続いて「夕陽山水画」(重文:馬燐筆)。絹本淡彩。これも”常識”なのかも知れないが、この絵は左右にあったものを上下に付け替えたものらしい。そのために、中央のトリニトロン管みたいに横筋が走っている。上に漢詩、下に絵という構成に変えたのだ。それが成功して味がある。このころの作った形そのままが大事という思想はないようだ。鶉図もそうなのだが、、自分たちの好みに自由にコラージュしている。その楽しみ方にちょっと感じるものがある。

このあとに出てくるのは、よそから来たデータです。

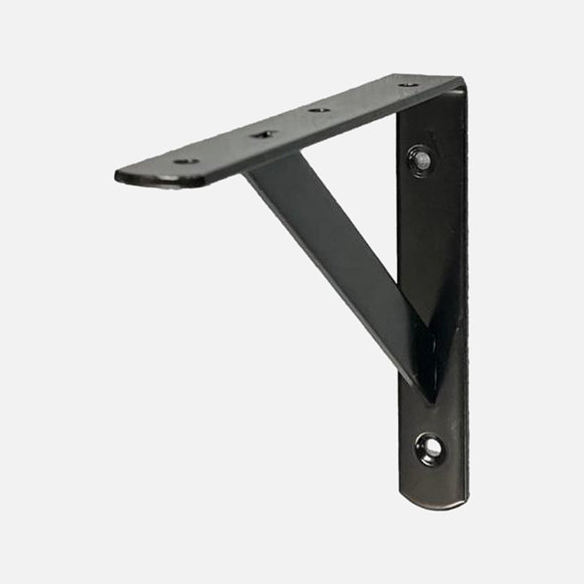 New to shelvingshop are the black beam brackets 150x200x25mm wide. Use these brackets to fit shelves up to 300mm deep and any length spacing brackets at approximately 60cm centres or on all studs which coincide with the desired shelf positions when being fitted to a stud wall. Weight capacity up to 40kg per pair when fitted correctly into a masonry wall. As with all shelf brackets they must be fitted with the correct fixings to suit the wall type and the weight capacity required. Ensure the shelves are screw fixed to the bracket through the provided countersunk holes.

 先生から窺ったのだが、絵が取りつけられている表具そのものが日本独特なもの。掛け軸は今でこそ床の間など限られたところに鎮座しているけれど、昔は茶会などの催し物のときに襖に掛けたものだった。襖には襖絵が描かれている。そのまま絵を掛けたのでは巻物の絵がよく見えない。そのため、背景の絵を分ける目的として表具が作られた。この辺りに日本人の空間把握のセンスを見る。表具が合っていなければ、ごちゃごちゃしていては絵は生きてこない。合った表具によって絵の魅力が増す。それも茶会で用いられることを前提にしているため、下から見上げると丁度良くなるような構成となっている。

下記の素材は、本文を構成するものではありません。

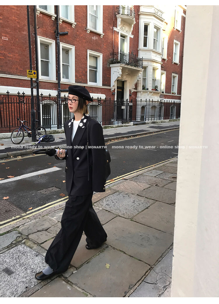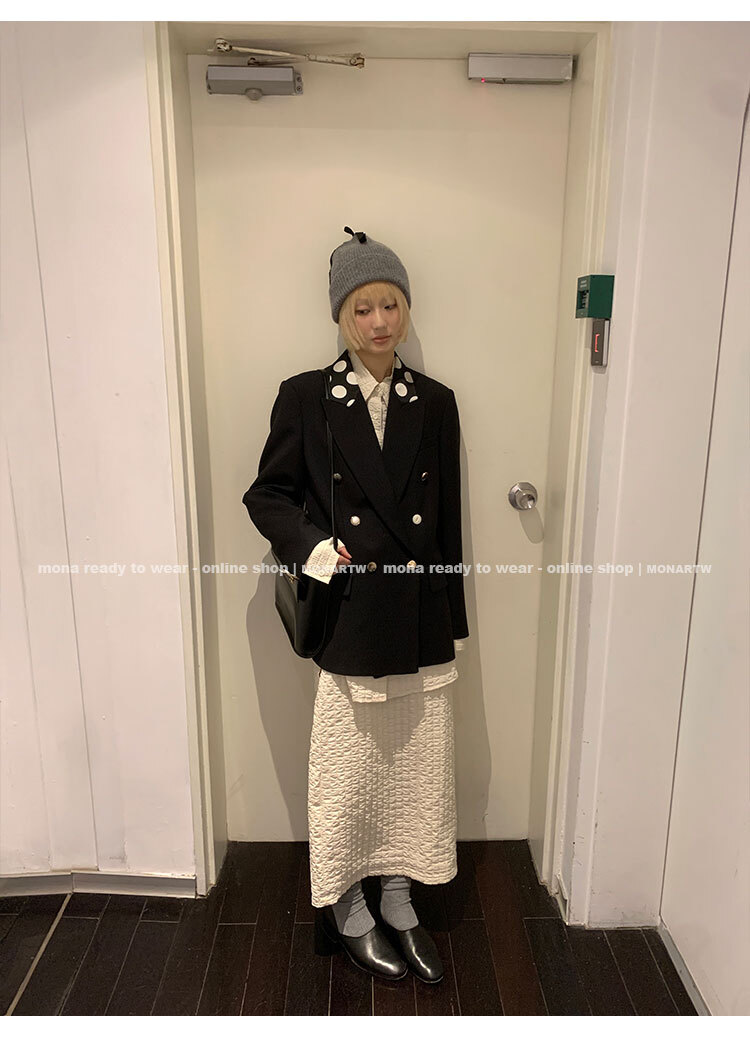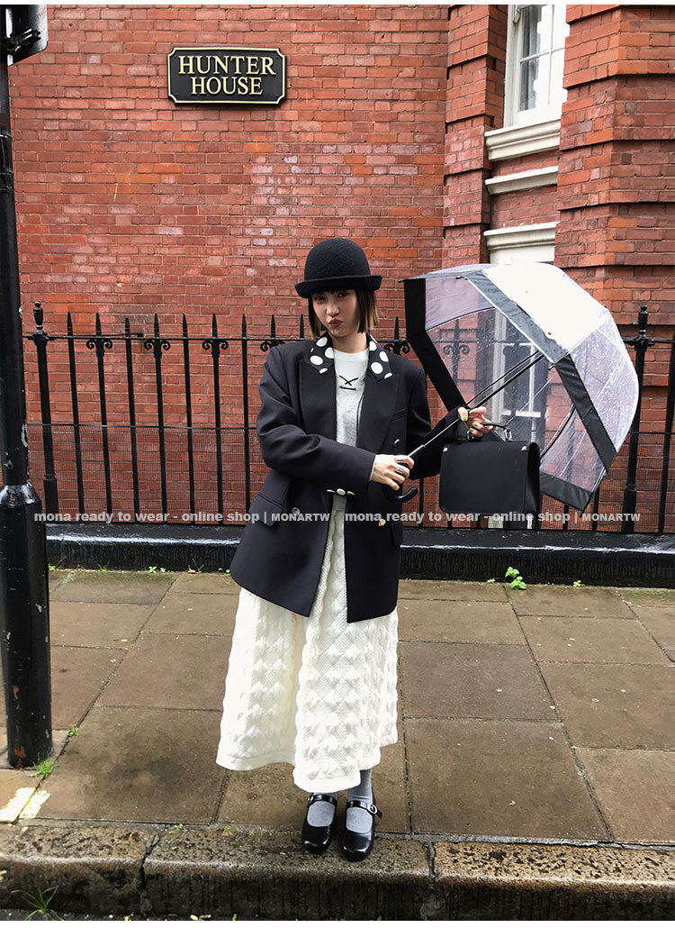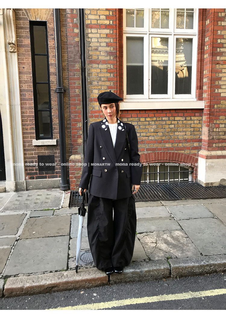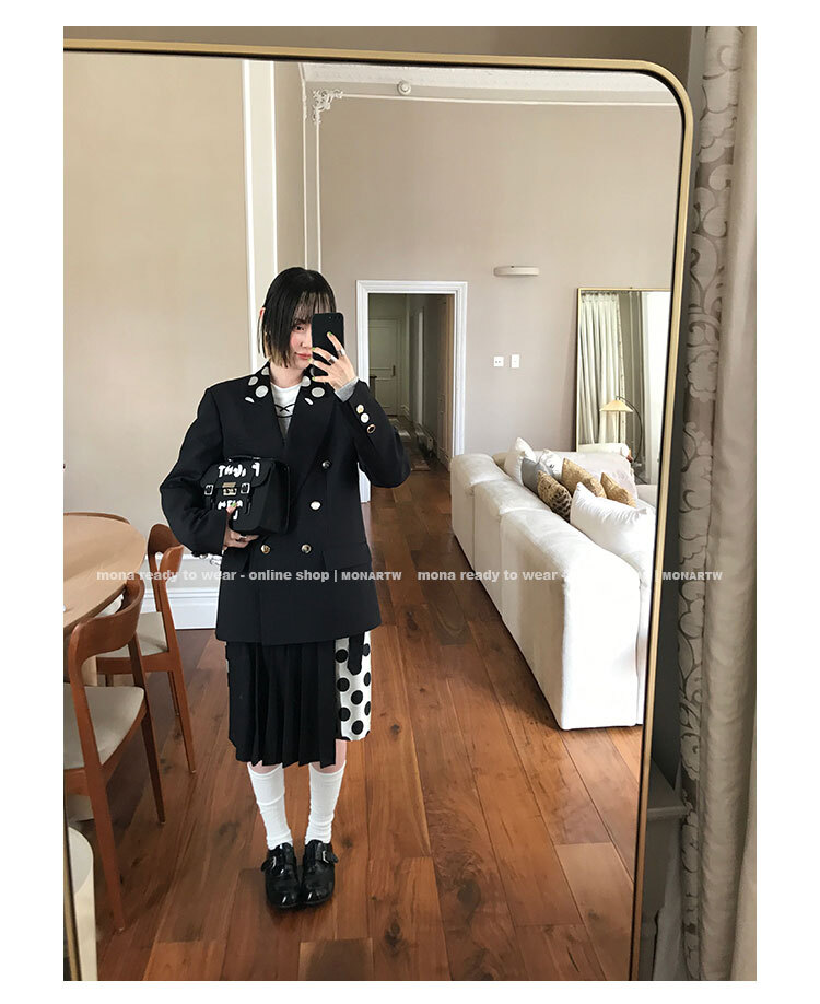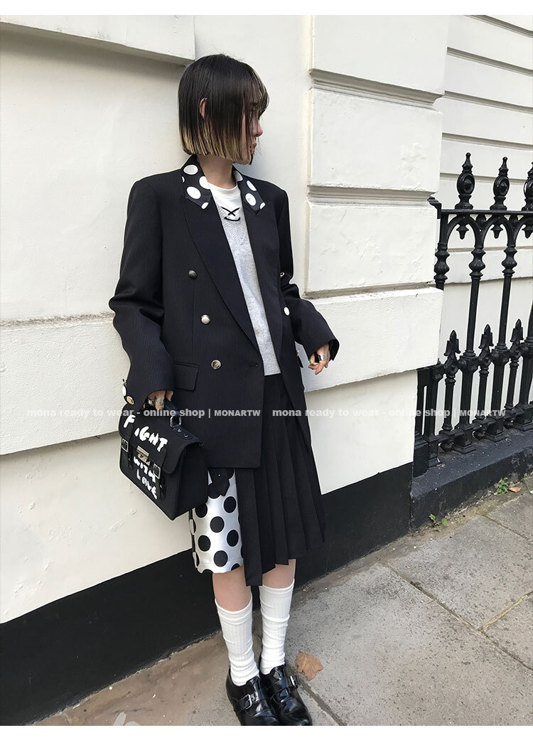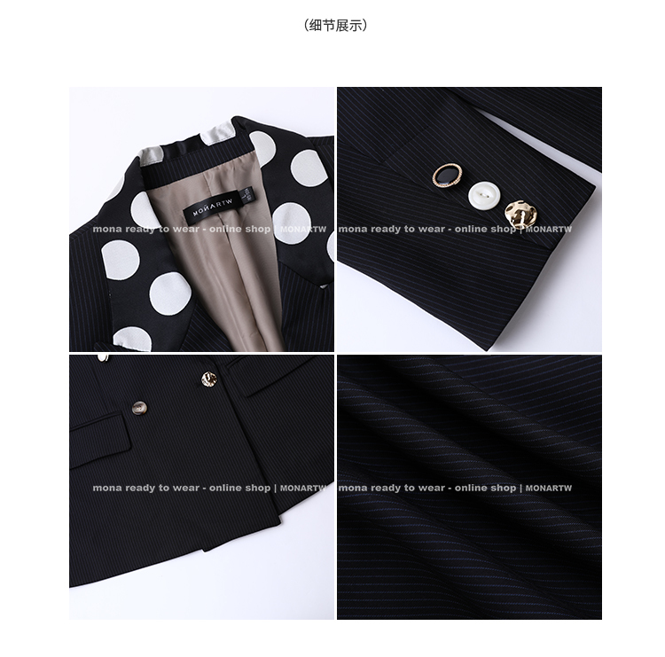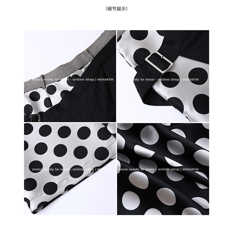 裙褲部分前後片使用客製化圓點提花布料,與領子相呼應
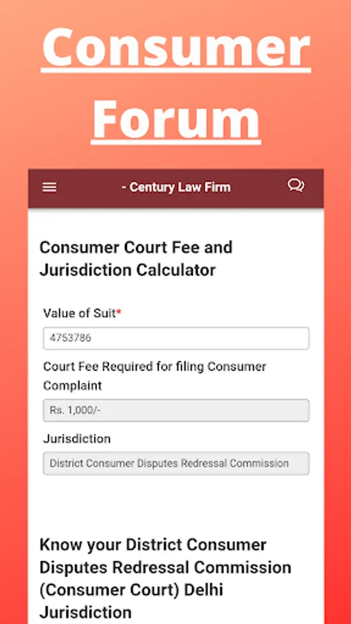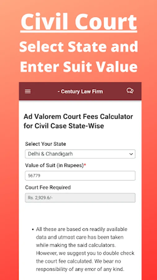 The court fee calculator app is created for the users to save their time and to make technical calculations easier. This app is designed in such a manner, that not only the law learners but also the common people can make efficient use of it. It includes features like-

 道具にはそれぞれ意味があってこの形になっている。普段見過ごしていることに気付かされる。
 他に見所や茶道具などを1時間弱見て回った。ここで先生はお帰りになった。残る面子で更に1時間見まわった後、喫茶する。私以外の皆さん、お茶をやっている。裏と表の人が違いについて話し合っているのを聴いてみたり。

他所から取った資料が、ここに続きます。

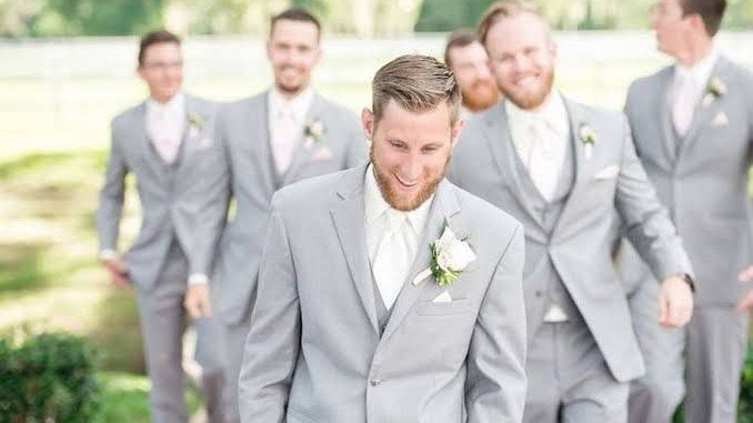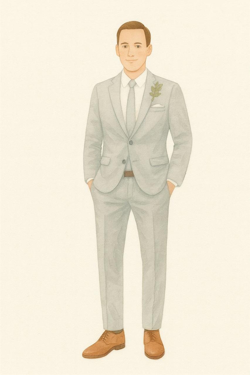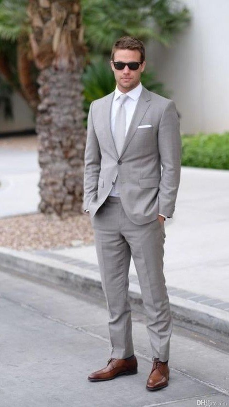 Como informado em nosso manual, para vocês indicamos um terno cinza claro, sapato marrom, camisa branca e a gravata que lhe presenteamos!
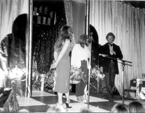 In this black and white photograph three people stand on a stage, the floor of which is large black and white squares. Two young ladies stand at the left. They are nicely dressed, one in a cocktail dress, the other in a long sleeve blouse and ankle length skirt and are holding a basket of flowers between them. There is a microphone on a stand in front of them. They are looking at John Grissim on the right who wears a jacket and tie. He is looking toward them and smiling.Collection
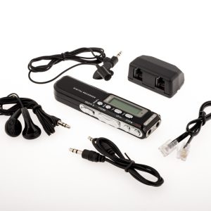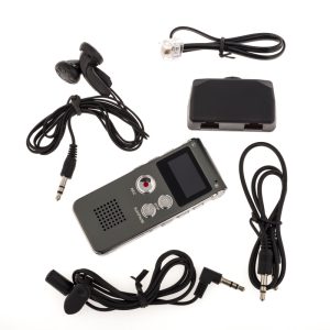 Grabadora de voz digital espía con un mini micrófono para grabar de modo imperceptible, accesorio para grabación de teléfono fijo y función de MP3.
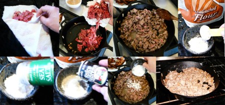 Paper towel blot the beef and brown in the same pan, then toss the beef with the salt, pepper, flour ménage a trois and put in oven for 10 minutes, tossing after 5 minutes.
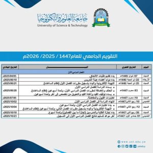 التقويم الجامعي للفصل الدراسي الأول من العام الجامعي 1447هـ الموافق 2026/2025م
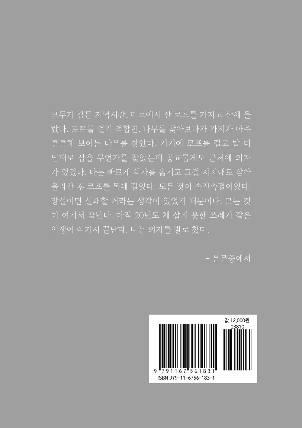 나는 빠르게 의자를 옮기고 그걸 지지대로 삼아 올라간 후 로프를 목에 걸었다.
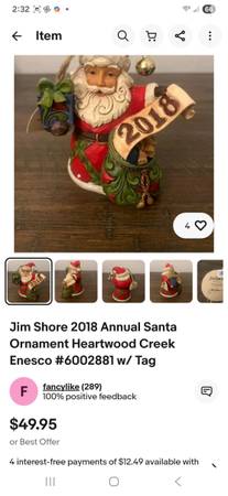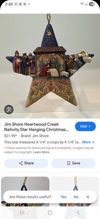 Mint condition Jim Shore 2 in boxes and one without . Mint , mint , condition ! One santa clause lights up and rotates inside , beautiful star and other santa are extremely well made all carved from wood . Very durable and not cheap . Selling as a lot only . Cash , door pick up directly on Mount Royal close to Angelo's pizza . Thanks
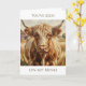 A cute thinking about you card for a friend or family member with a cover with an impasto cow looking at ya. Cute cow pun and farm animal art.
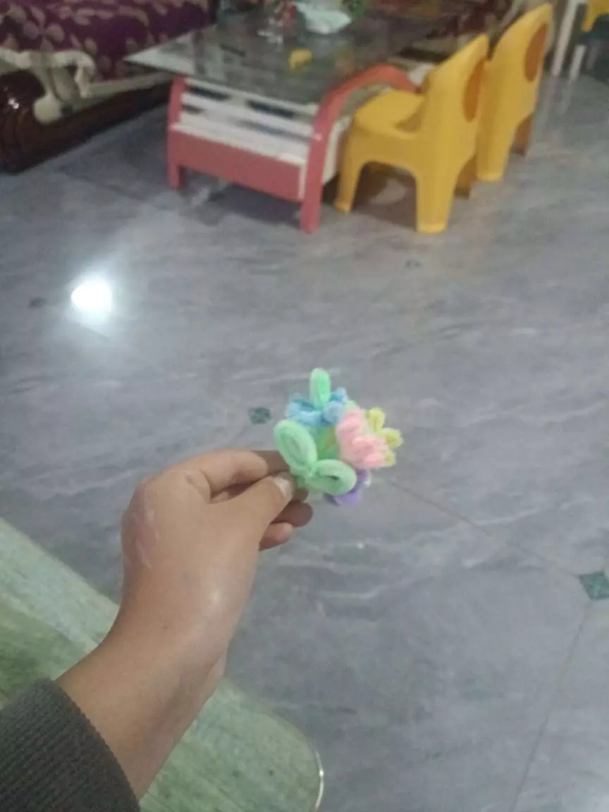 今天晚上做了一个小时的呃扭扭棒发箍和扭扭棒小花,非常好看哟。

 解散後、表参道を原宿駅まで歩いてみた。根津美術館周辺から原宿駅まで歩くと雰囲気の変化を楽しめる。勢いに乗って、原宿駅から渋谷駅まで歩いてしまった。さらに大きく変化する。根津美術館とハチ公像周辺の雰囲気の差は物凄いものがある。
 渋谷から大井町に移り、品川プライベに顔を出す。おしゃべりに終始。閉会後、ファミレス的蕎麦屋で食事。ウェイターの粗相に笑わせてもらった。ふぅ。